Regarding computational capacity of a event driven architecture for AGI based on the brain: Assuming each neuron fires on average at 100 Hz on each connection that would amount to 50 PetaFlops. Effectively, this number could be lower, if that average firing rate and connection utilization goes down. So when looking at the current supercomputer list, there should be some machines around that would be able to do such calculations assuming we have tools to model the architecture.


Are you sure about the 100 hz? I always thought it was more like 1?


What makes you think a neuron firing is equivalent to a single Flop?


One neuron firing on 5000 connections I assumed to be 5000 Flops


That's an assumption you have to defend.


I always like to use flight as an analogy. When we tried to copy nature, we failed pretty hard but when we came up with our own way it worked out best. Computers are not like human brains. We are in the process of inventing a new kind of intelligence for machines. It may guide us or give us ideas, but it's not going to solve the problem for us.


I like the flight analogy too. Extending it further, we failed to build flying machines by blindly copying bird design when we had no idea how bird flight actually worked, and we successfully built heavier-than-air powered flying machines when we understood how bird flight worked and realised the power-to-weight ratio etc. was such that we'd need a completely different design to get humans into the air. I believe it'll be a similar case with AI and neuroscience - we're unlikely to get general AI until we have a pretty solid understanding of the way human intelligence works, but when we do we'll probably find that the artificial form of intelligence will have to be designed differently due to inherent constraints.
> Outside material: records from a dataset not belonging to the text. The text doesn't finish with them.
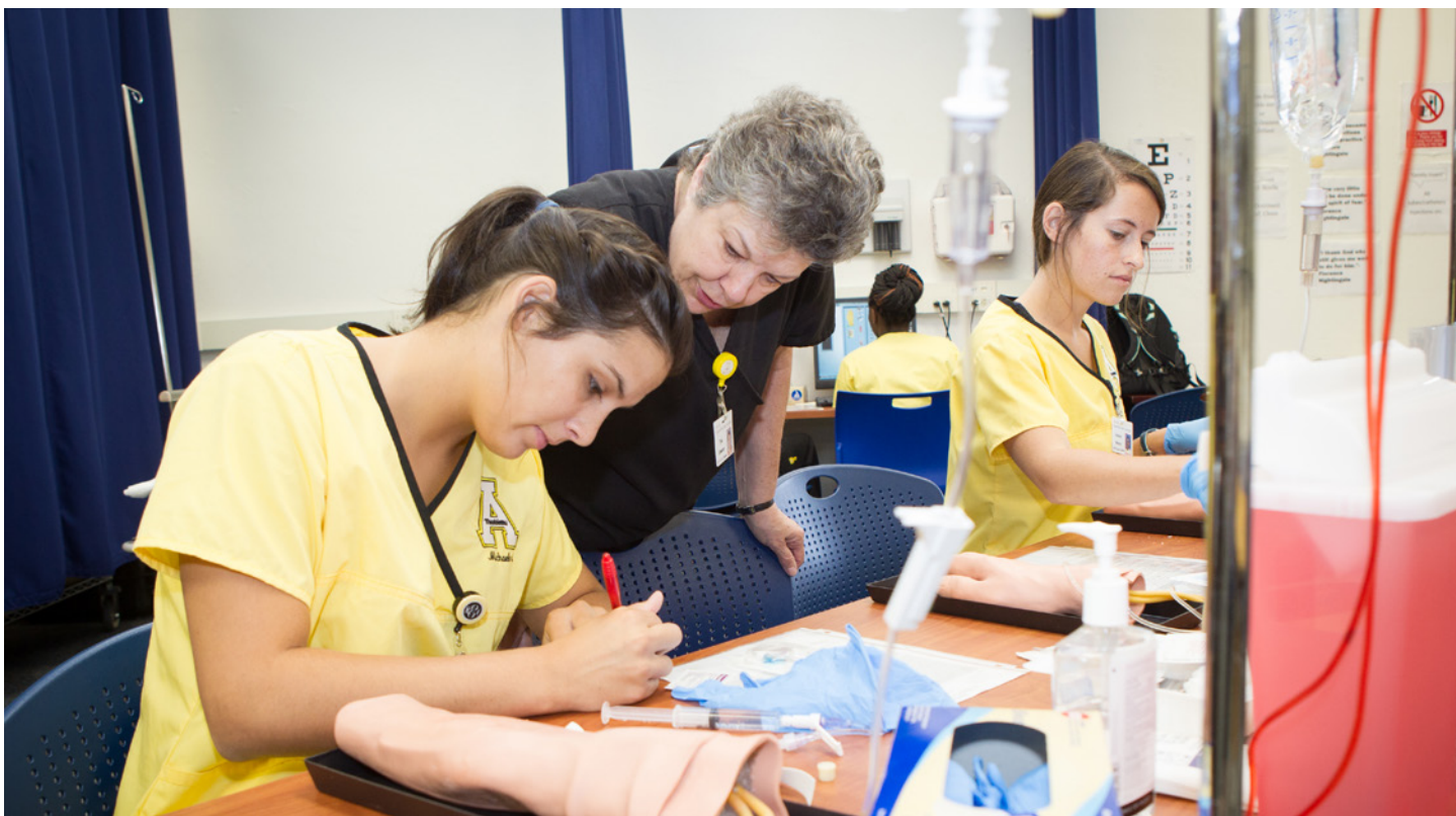
Nursing students in the Beaver College of Health Sciences.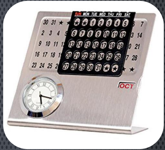
B 409 Steel Watch Lifetime Calendar Size 9x10.5x4 c.m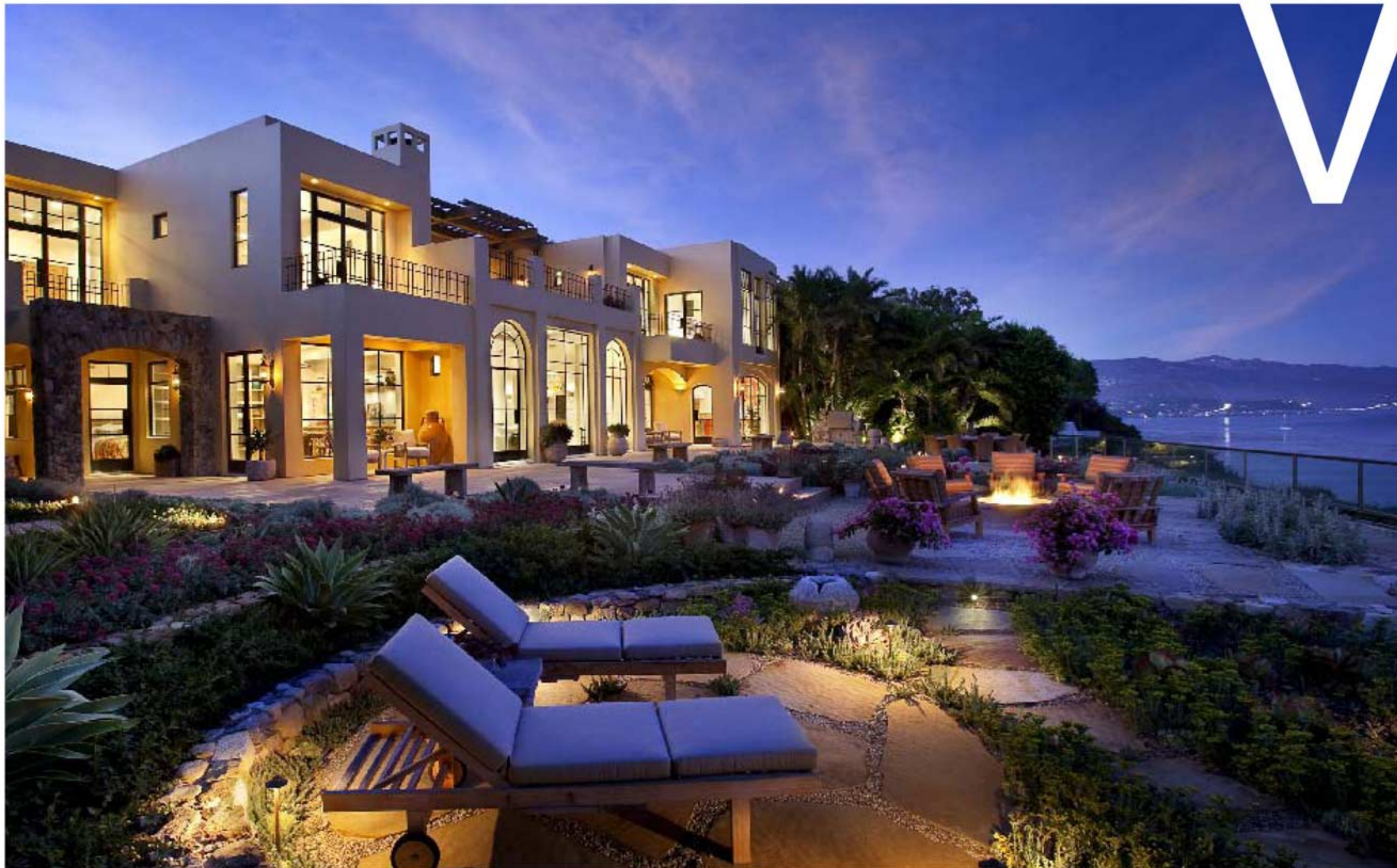
Malibu beach house built by Golenberg & Company

I'd say unlikely - mainly due to the difficulty of analyzing the computational paradigms of the brain is impossibly difficult. Basically it's like trying to reverse engineer a program using a thermometer: this part of the hardware gets warm when x


I tend to resist arguments that rely on the term "impossibly difficult". At one time it was thought that a chess program playing at Grandmaster level would be impossible because of the combinatorial explosion, but we now have chess programs playing at Grandmaster levels. When chess programs started approaching Grandmaster level, people said programs playing Go at Grandmaster level would be impossibly difficult. But there they are.


I agree with the sentiment but more rigorously the current analytical techniques (fMRI, dissection, etc.) simply do not allow sufficient information - from a Shannon entropy POV - to decode the biological 1's and 0's. When/if the physics gets to the point where biological computation becomes decipherable, I have not doubt brains will both be accurately modeled in silicon and that these models will contribute greatly to AI development.


There is plenty of work going on along these line:

1. Numenta.com : founded by Jeff Hawkins of Palm Fame

2. Vicarious.com : founded by Dileep George a Numenta alumnus.

3. Joshua Tanenbaum's work at MIT.

4. Eric Horvitz at MSR

Also Check out Pentti Kanerva work into sparse models of human brain.


Also Chris Eliasmith's team, especially their work on Intel's Loihi


There was a rather interesting talk at the Forbes Under 30 summit last month on this, "How The Brain is Inspiring AI" [1], but I cannot find the video. Lavin argued neuro and cognitive science -inspiration, not derivation, is useful at varying levels of abstraction, i.e. Marr's levels [2]. He showcased three works at the respective levels: Tenenbaum et al at MIT [3], some Vicarious research [4], and Blake Richards' work towards "DL with segregated dendrites" [5].

[1] https://www.forbes.com/forbes-live/event/a-i-machine-learnin...

[2] http://blog.shakirm.com/2013/04/marrs-levels-of-analysis/

[3] https://cbmm.mit.edu/about/people/tenenbaum

[4] https://www.vicarious.com/2017/10/26/common-sense-cortex-and...

[5] https://arxiv.org/abs/1610.00161


Great ICML presentations by,

Tenenbaum: https://youtu.be/RB78vRUO6X8

Richards: https://youtu.be/C_2Q7uKtgNs


Joscha Bach [0] has some really interesting CCC talks about the reverse: Computational theories of the mind, really good stuff.

[0] http://bach.ai/


I think it’s important to understand what our objective is.

Reading these comments comparing birds and aeroplanes is nonsense since they both have very different flight behaviours and objectives. Birds’ wings flap for agility to avoid predators. They have brains which is half reflex and allows them to regulate their bodies. Planes don’t have predators and don’t need cognition.

If our objective is to solve a business problem, machine learning is great for specific tasks and can achieve superhuman results in some cases. We don’t need much neuroscience here.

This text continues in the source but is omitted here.